TASK OBJECTIVE: Return, unchanged and with no pictures, the lines below from the very first through the one that contains "Ask your family".

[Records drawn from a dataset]
-- -- --
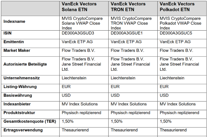 Der Asset Manager VanEck listet drei neue Krypto–ETNs an der Deutschen Börse Xetra.
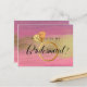 Ask your family and friends to be a part of your wedding with these chic bridesmaid proposal postcards featuring gold and pink stroke and calligraphy script. Personalise with a name and message on the back.
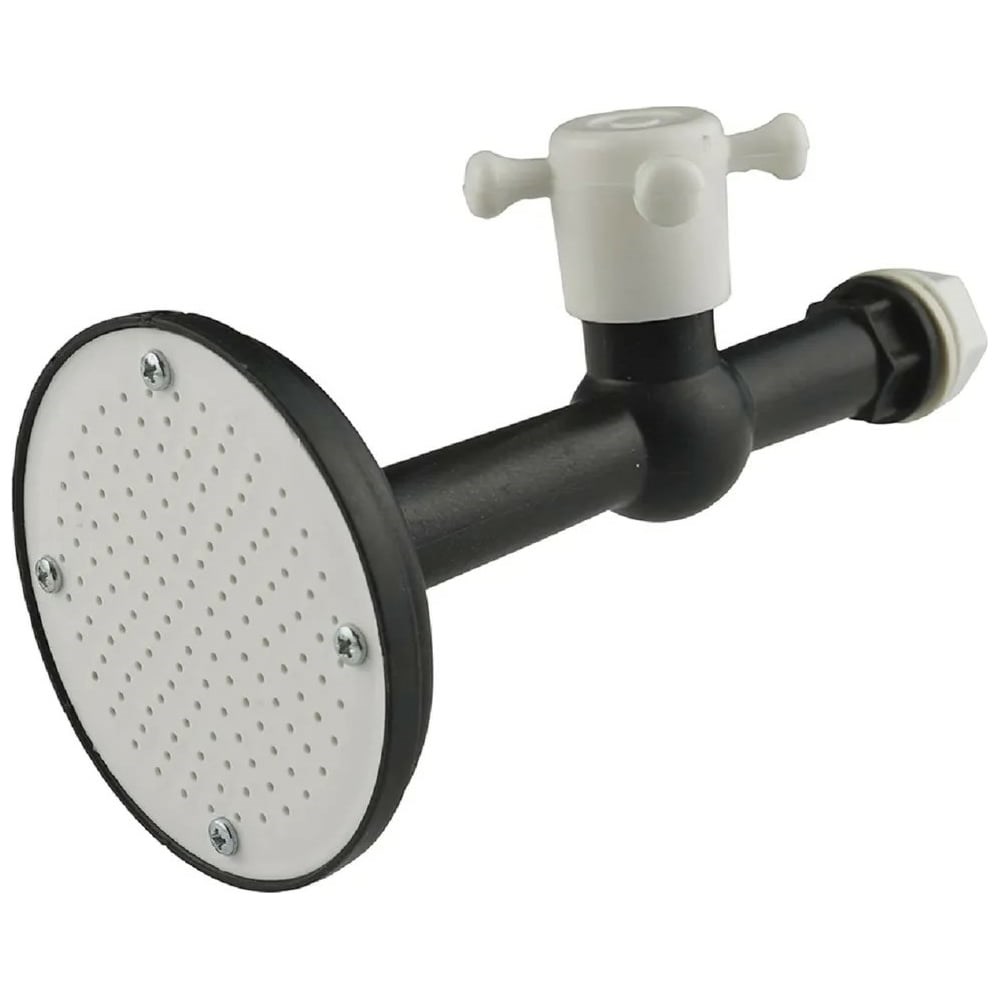 Лейка для душа- садовый распылитель ЭлБэт 2220 устанавливается на различные резервуары с целью организации садового летнего душа. Кран предназначен для установки на баках различной емкости с целью организации душевых кабин. Выполнен из пластика, обладает повышенной прочностью и коррозионной стойкостью, лицевые поверхности полированы и пригоден для подачи горячей воды. Снабжена встроенным шаровым краном вентильного типа, открывается и закрывается вращением маховика, герметично, может регулировать струю. Максимальное рабочее давление напора не должно превышать параметры 0,63 - 1 МПа.
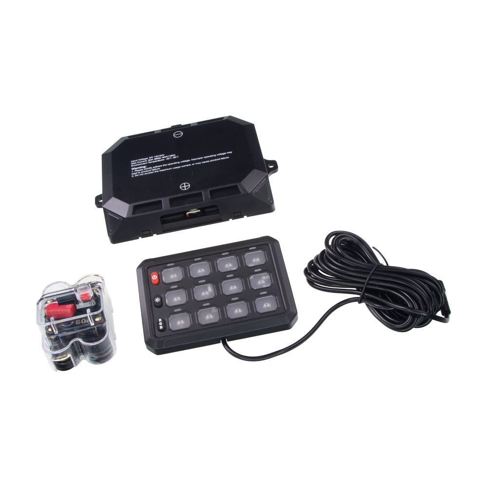 Ľahko nainštalujete do 12 V a 24 V vozidiel. Je vhodný pre rôzne typy automobilov, terénne vozidlá, pickupy, nákladné vozidlá atď. Rôzne spínače na ovládanie všeobecného elektrického vybavenia vo vozidle: svetlomety a iné zariadenia. Ovládací panel je možné inštalovať na prístrojovú dosku, stredovú konzolu, sedadlo, strop, A-stĺpik vo vozidle atď.
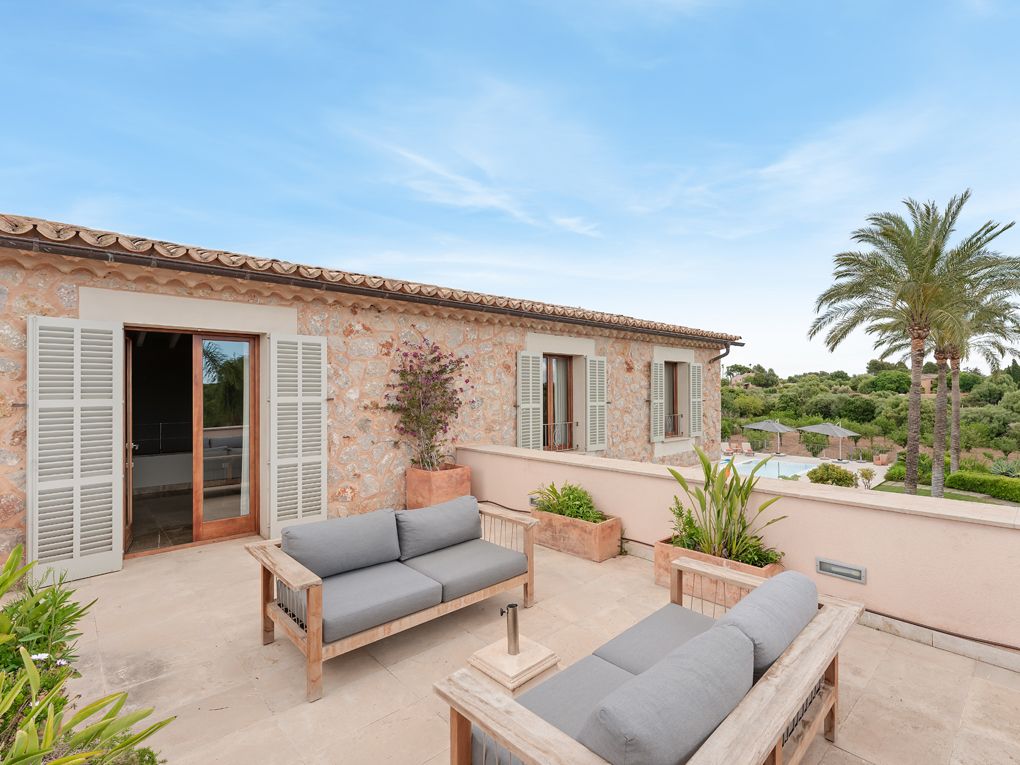 Denne imponerende ejendom er bygget efter de højeste standarder i en stort set moderne stil med bevarelse af rustikke træk og nyder godt af en solid konstruktion. Den ligger kun 2 km uden for den eftertragtede landsby Santa Maria og 15 minutter fra Palma. Fremragende for dem, der ønsker at nyde hovedstaden og alt, hvad den har at byde på. Stueetagen i hovedhuset har en meget lys L-formet opholdsstue med fantastiske dimensioner og et rummeligt åbent køkken på den ene fløj. Desuden er der tre soveværelser, hvert med eget badeværelse og et gæstetoilet. Den charmerende trappe til anden sal fører videre til et meget stort studie/kontor, som kan omdannes til endnu et soveværelse, samt master-suiten, som optager det meste af øverste etage og byder på et stort soveværelse, der fører ud til en terrasse med udsigt, påklædningsområde og eget badeværelse. I husets kælder er der en garage til 4 biler og et vaskerum. Udendørs er ejendommen bygget i traditionel stil og har en række åbne og overdækkede terrasser med udsigt over en moden middelhavshave med frugttræer og en sø med springvand samt en fantastisk saltvands-infinity-pool på 12x4m. Derudover er der også et uafhængigt gæstehus med en åben planløsning med stort køkken og badeværelse samt et meget stort studie under poolen med opholdsstue, badeværelse og maskinrum. Yderligere funktioner: Centralvarme i gulvet, reversibel aircondition, udvendigt træværk i iroko, indvendigt i eg, Binissalem-marmorgulve, privat vandbrønd og elforsyning.
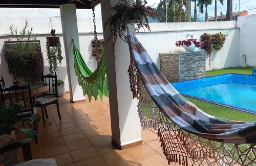 Leisure corner: beach, swimming pool, barbecue, parking spaces, air and trails with waterfall | House in Praia Grande, Brazil
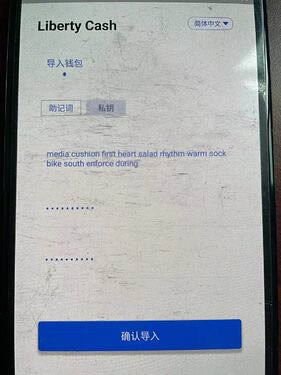 1、通过下载安装 LCS 钱包,打开首页是「导入钱包」,我们将一个测试助记词导入进去,点击确认导入。
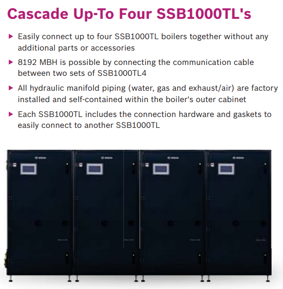 The 1,000 MBH modules are the MULTI-STACK of boilers. These modular condensing boilers can be “daisy-chained” together using the existing supply and return flanges that are shipped with caps on them, for a total capacity of up to 4,000 MBH. Easily connect up to four SSB1000TL together without any additional purchased venting parts or accessories.
-- -- --
SOLUTION TO THE EXERCISE:
 Der Asset Manager VanEck listet drei neue Krypto–ETNs an der Deutschen Börse Xetra.
 Ask your family and friends to be a part of your wedding with these chic bridesmaid proposal postcards featuring gold and pink stroke and calligraphy script. Personalise with a name and message on the back.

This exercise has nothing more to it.